● **RECORDS SUPPLIED**:
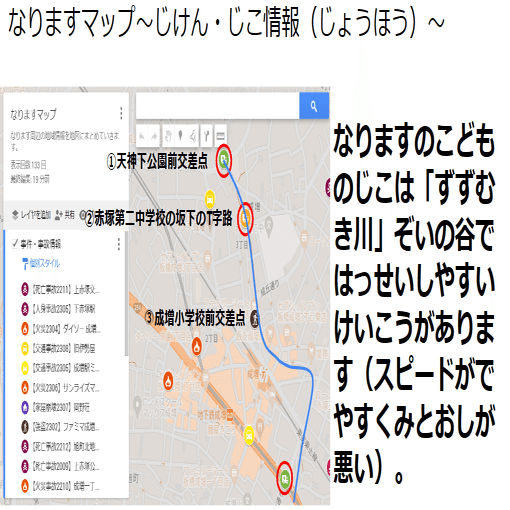 今回は成増周辺で子供の事故が起こりやすい場所を警視庁の事故発生マップを参考に実地調査を行いながら記事にまとめました。
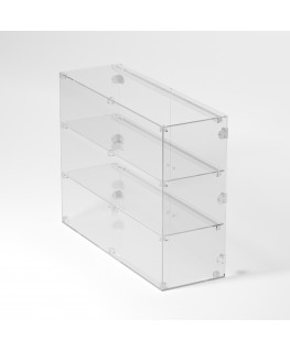 Grande vitrine en plexiglas transparent avec 3 étagères - Dimensions : 90 x 30 x h70 cm
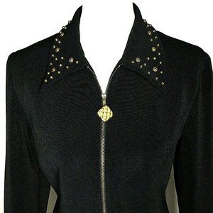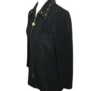 Tunic Front Zip Blazer With Gold Studded Collar Size 10 Black Simply Tops
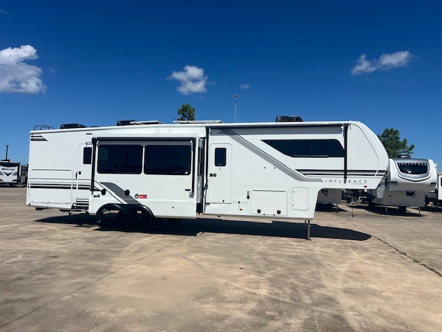 Any Grand Design Influence fifth wheel features five-sided aluminum cage construction with a walk-on roof and a fully enclosed underbelly with heated tanks and storage for all weather camping. For peace of mind, the MORryde CRE3000 Suspension system will provide safe and smooth towing, and the 101" widebody construction offers all the room you need and that is before multiple slides are fully engaged. You will appreciate the Keyed-Alike locks, slam-latch baggage doors with magnetic door catches, exterior security light, and SolidStep entry steps. On the inside, Congoleum flooring, premium roller shades for privacy, a hallway handrail for safety, and nightstands with USB ports to keep all of your electronics fully charged. You will also love the On Demand tankless water heater when showering, plus the added heat and ambiance from an electric fireplace, and so much more!
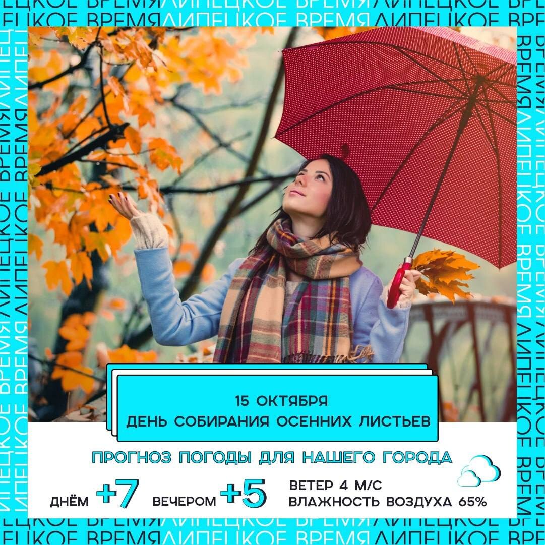 🍁15 октября — День собирания осенних листьев, праздник, напоминающий нам остановиться и полюбоваться золотой порой🍁 🍁Интересный факт: в этот день в разных городах устраивают флешмобы и выставки осенних композиций — люди создают букеты из листьев, делают аппликации и фотографируются на фоне яркой листвы🍁 🌤️В Липецке сегодня преимущественно ясно. Днём температура прогреется до +8 °C, к вечеру понижение до +5…+6 °C, ночью — около +3…+4 °C, возможен небольшой дождь ближе к ночи.
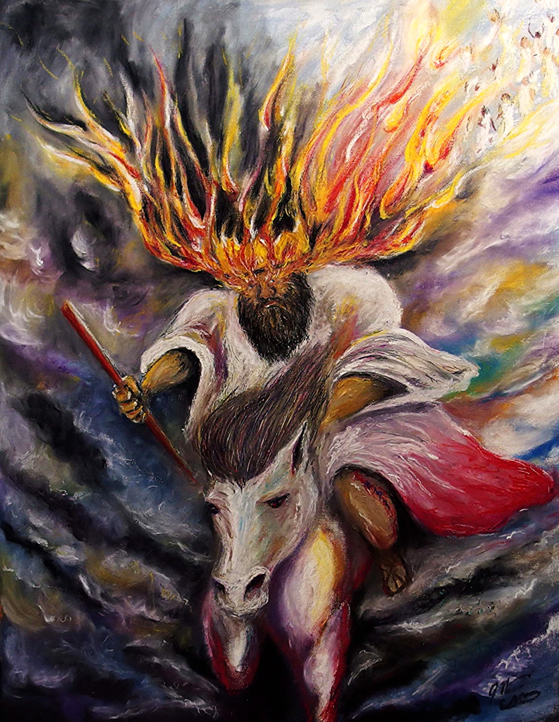- The fire is shooting from His eyes but the eyes are soft and looking at the viewer. I wanted to depict judgement coming alongside a plea to repent. Jesus is not harsh, He is just. There is a difference.
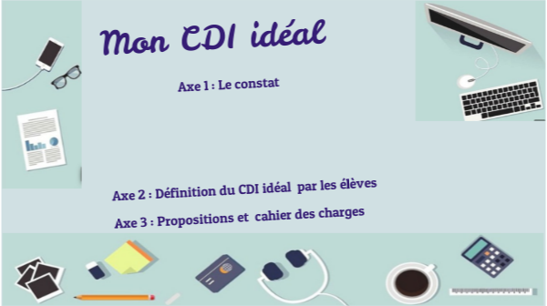 Nous avons constaté que le CDI traditionnel ne correspondait plus aux usages et aux attentes actuelles des élèves. L'objectif de ce projet était de les faire participer pour les impliquer dans la réflexion sur les transformations du CDI, selon trois axes de travail :
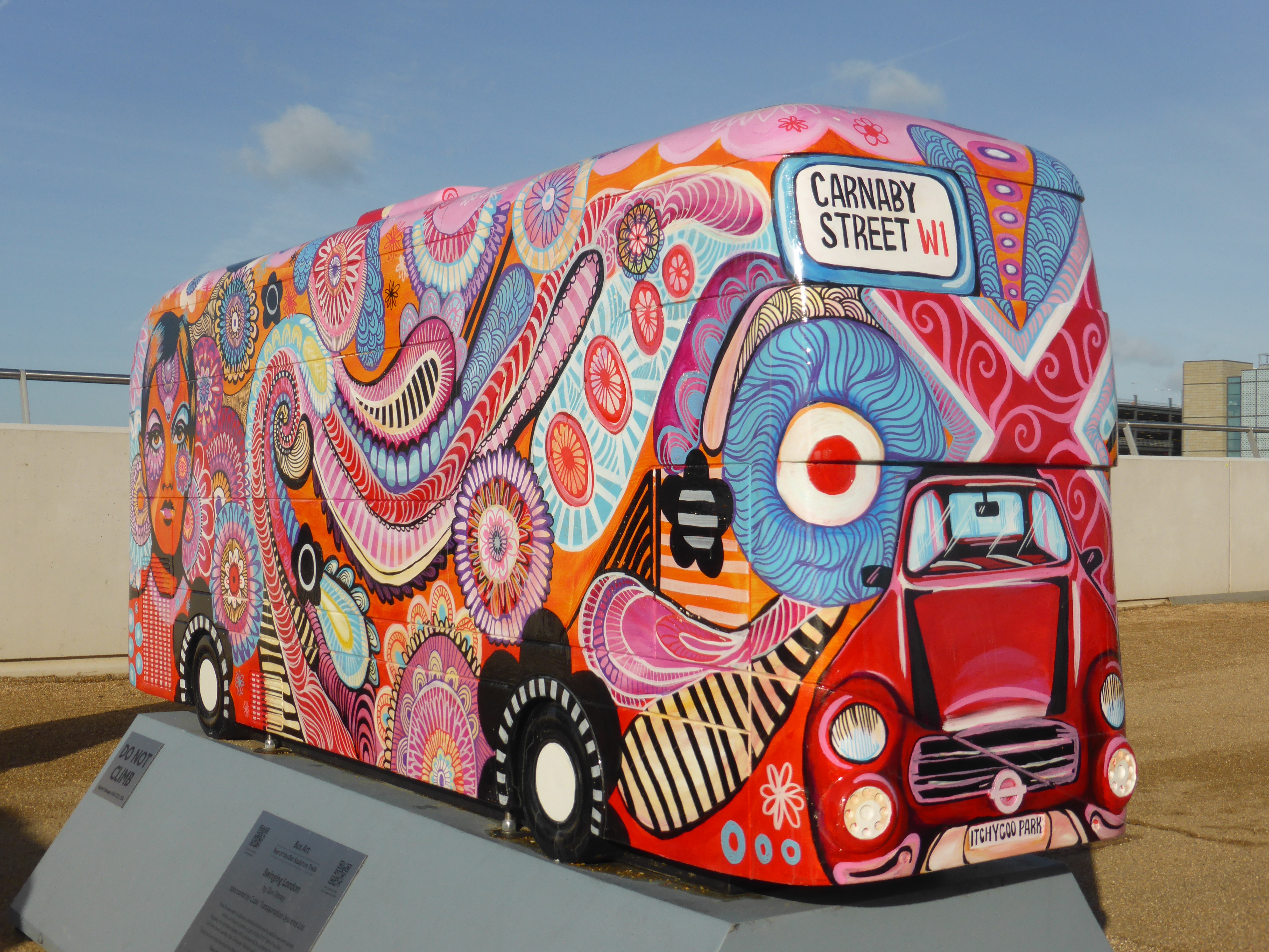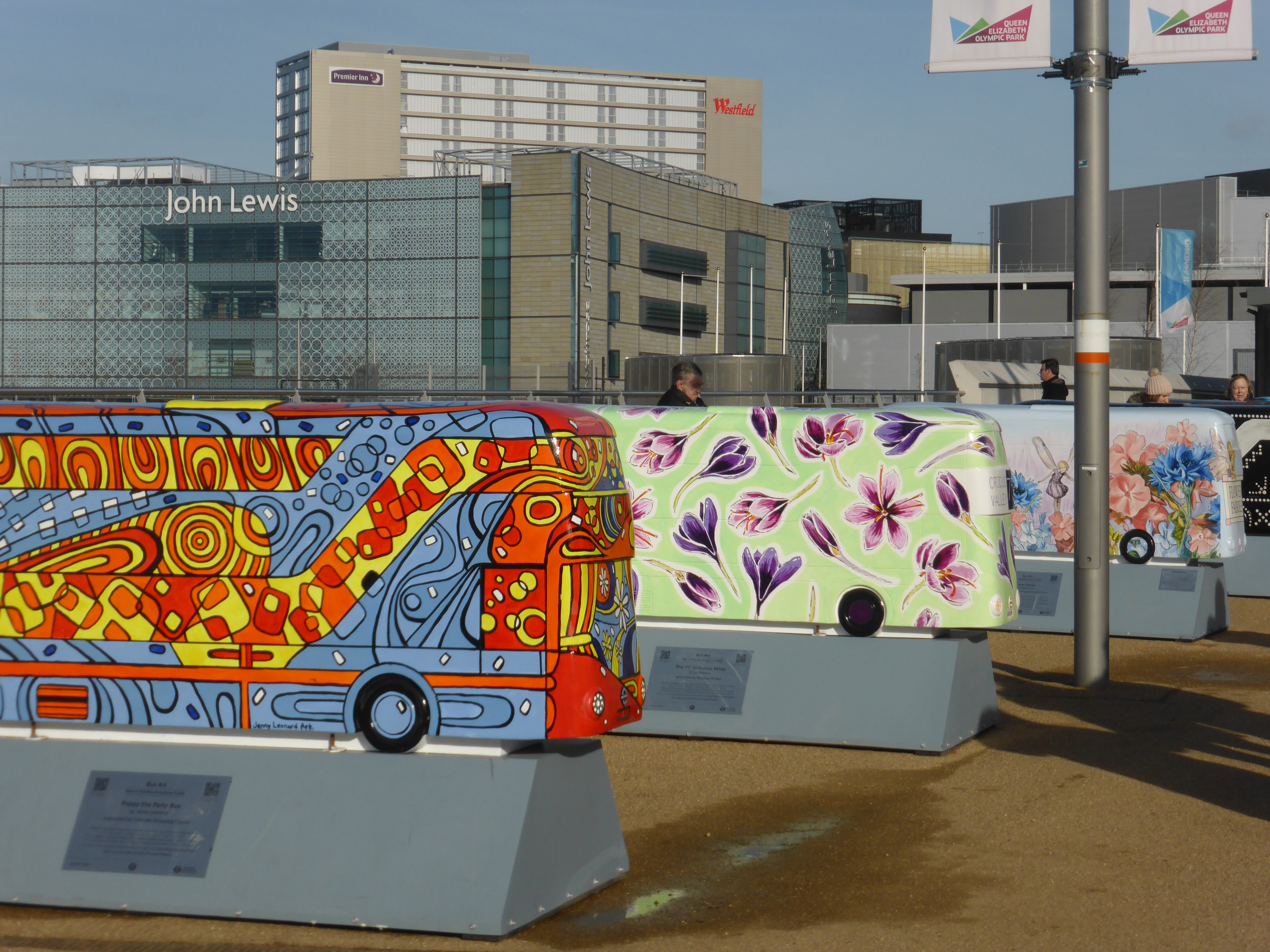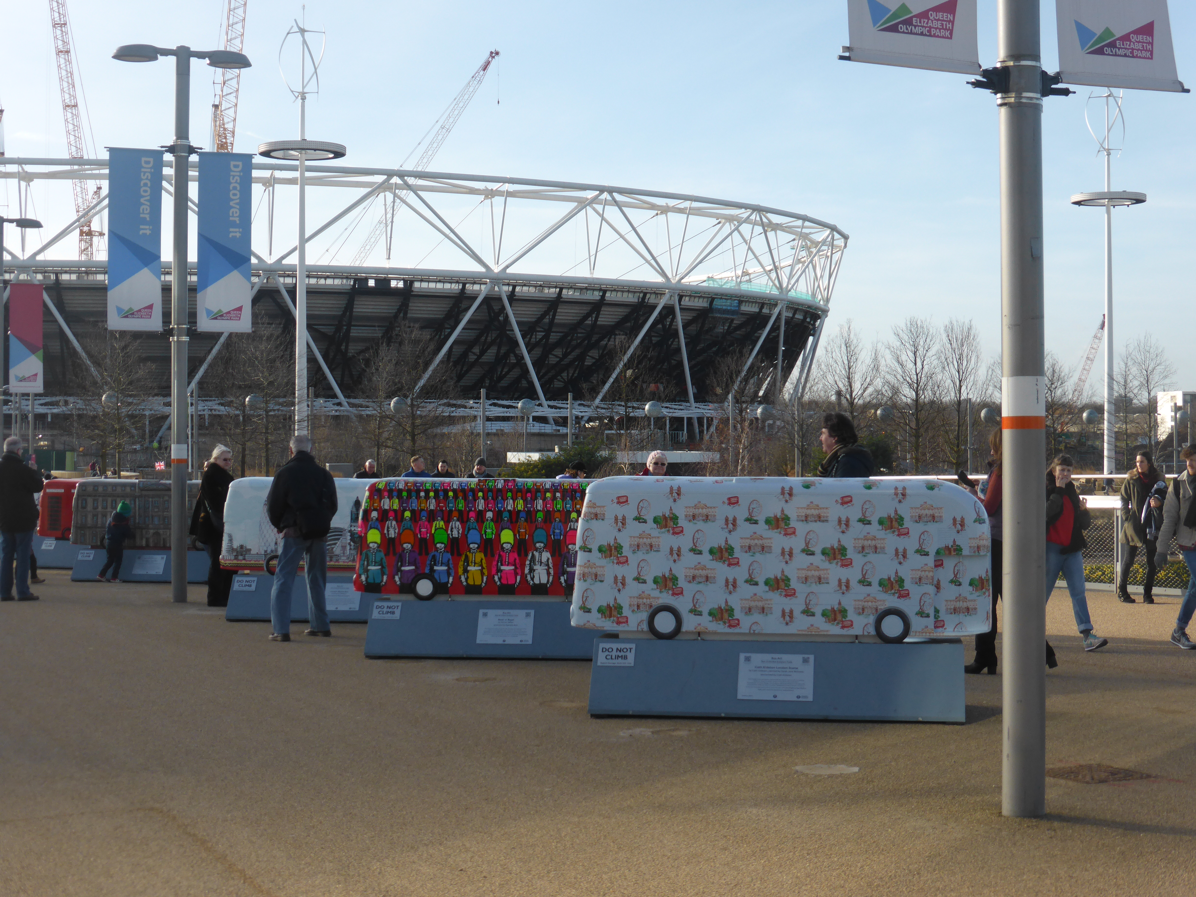 Over the last weekend the finale of the public art trails that comprised ‘The Year Of The Bus’ took place at the Queen Elizabeth Olympic Park, concluding the campaign to celebrate 100 years of the modern bus. From the bus that ferried troops to and from the front line in Europe to the iconic Routemaster the London bus saw its place in the centennial events remembering the First World War. For this 4 walks around London were made up, in Westminster, around the Thames River, in Croydon and at the Olympic Park, with the idea being that you walked around these areas taking in the iconic landmarks along the way finding these quite exquisitely decorated buses. The campaign started in October 2014 and for its finale all the buses were brought together this weekend at the Olympic Park before being auctioned off for charity.
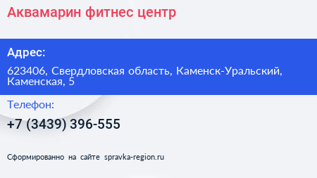 Аквамарин, фитнес-центр по адресу 623406, Свердловская область, Каменск-Уральский, Каменская, 5 в дальнейшем Организация, размещена в следующих категориях:
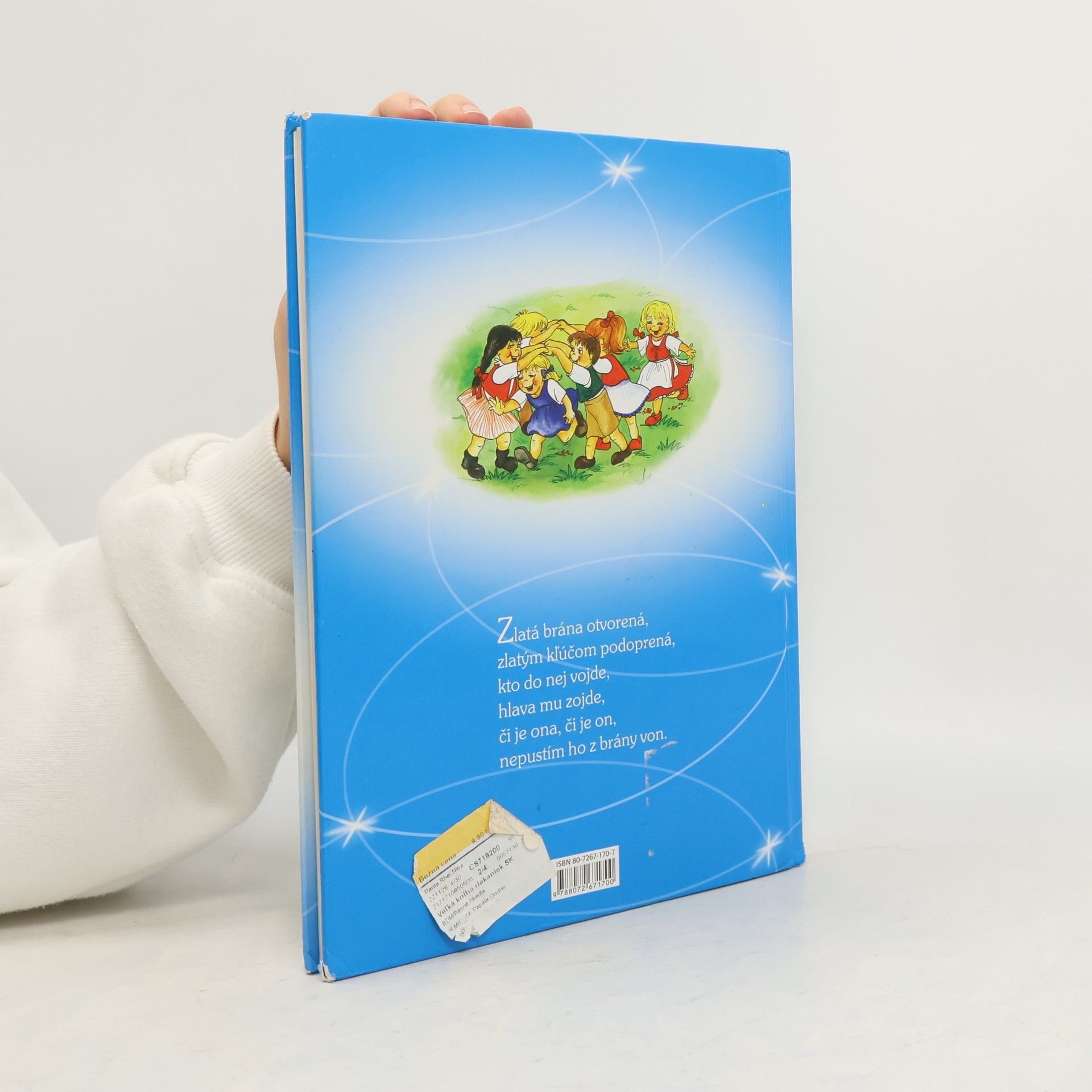 Riekanky známe i neznáme, doplnené prekrásnymi obrázkami obohatia slovnú zásobu vášho potomka, vy si zaspomínate na tie svoje - keď ste boli ešte malí. Zlatá brána otvorená; Slimák, slimák, vystrč rožky; Pec nám spadla; Varila myšička kašičku; Orie, orie Ján… a ďalšie známe ale aj pozabudnuté slovenské riekanky, básničky, hry a vypočítanky sú doplnené o veselé obrázky Vladimíry Vopičkové. Knižka plná krátkých, ľahko zapamätateľných riekaniek je určená pre našich najmenších.

● **YOUR OBJECTIVE**: Pictures aside, print every line of the material exactly.

● **TASK SOLUTION**:
 今回は成増周辺で子供の事故が起こりやすい場所を警視庁の事故発生マップを参考に実地調査を行いながら記事にまとめました。
 Grande vitrine en plexiglas transparent avec 3 étagères - Dimensions : 90 x 30 x h70 cm
 Tunic Front Zip Blazer With Gold Studded Collar Size 10 Black Simply Tops
 Any Grand Design Influence fifth wheel features five-sided aluminum cage construction with a walk-on roof and a fully enclosed underbelly with heated tanks and storage for all weather camping. For peace of mind, the MORryde CRE3000 Suspension system will provide safe and smooth towing, and the 101" widebody construction offers all the room you need and that is before multiple slides are fully engaged. You will appreciate the Keyed-Alike locks, slam-latch baggage doors with magnetic door catches, exterior security light, and SolidStep entry steps. On the inside, Congoleum flooring, premium roller shades for privacy, a hallway handrail for safety, and nightstands with USB ports to keep all of your electronics fully charged. You will also love the On Demand tankless water heater when showering, plus the added heat and ambiance from an electric fireplace, and so much more!
 🍁15 октября — День собирания осенних листьев, праздник, напоминающий нам остановиться и полюбоваться золотой порой🍁 🍁Интересный факт: в этот день в разных городах устраивают флешмобы и выставки осенних композиций — люди создают букеты из листьев, делают аппликации и фотографируются на фоне яркой листвы🍁 🌤️В Липецке сегодня преимущественно ясно. Днём температура прогреется до +8 °C, к вечеру понижение до +5…+6 °C, ночью — около +3…+4 °C, возможен небольшой дождь ближе к ночи.
- The fire is shooting from His eyes but the eyes are soft and looking at the viewer. I wanted to depict judgement coming alongside a plea to repent. Jesus is not harsh, He is just. There is a difference.
 Nous avons constaté que le CDI traditionnel ne correspondait plus aux usages et aux attentes actuelles des élèves. L'objectif de ce projet était de les faire participer pour les impliquer dans la réflexion sur les transformations du CDI, selon trois axes de travail :
 Over the last weekend the finale of the public art trails that comprised ‘The Year Of The Bus’ took place at the Queen Elizabeth Olympic Park, concluding the campaign to celebrate 100 years of the modern bus. From the bus that ferried troops to and from the front line in Europe to the iconic Routemaster the London bus saw its place in the centennial events remembering the First World War. For this 4 walks around London were made up, in Westminster, around the Thames River, in Croydon and at the Olympic Park, with the idea being that you walked around these areas taking in the iconic landmarks along the way finding these quite exquisitely decorated buses. The campaign started in October 2014 and for its finale all the buses were brought together this weekend at the Olympic Park before being auctioned off for charity.
 Аквамарин, фитнес-центр по адресу 623406, Свердловская область, Каменск-Уральский, Каменская, 5 в дальнейшем Организация, размещена в следующих категориях:
 Riekanky známe i neznáme, doplnené prekrásnymi obrázkami obohatia slovnú zásobu vášho potomka, vy si zaspomínate na tie svoje - keď ste boli ešte malí. Zlatá brána otvorená; Slimák, slimák, vystrč rožky; Pec nám spadla; Varila myšička kašičku; Orie, orie Ján… a ďalšie známe ale aj pozabudnuté slovenské riekanky, básničky, hry a vypočítanky sú doplnené o veselé obrázky Vladimíry Vopičkové. Knižka plná krátkých, ľahko zapamätateľných riekaniek je určená pre našich najmenších.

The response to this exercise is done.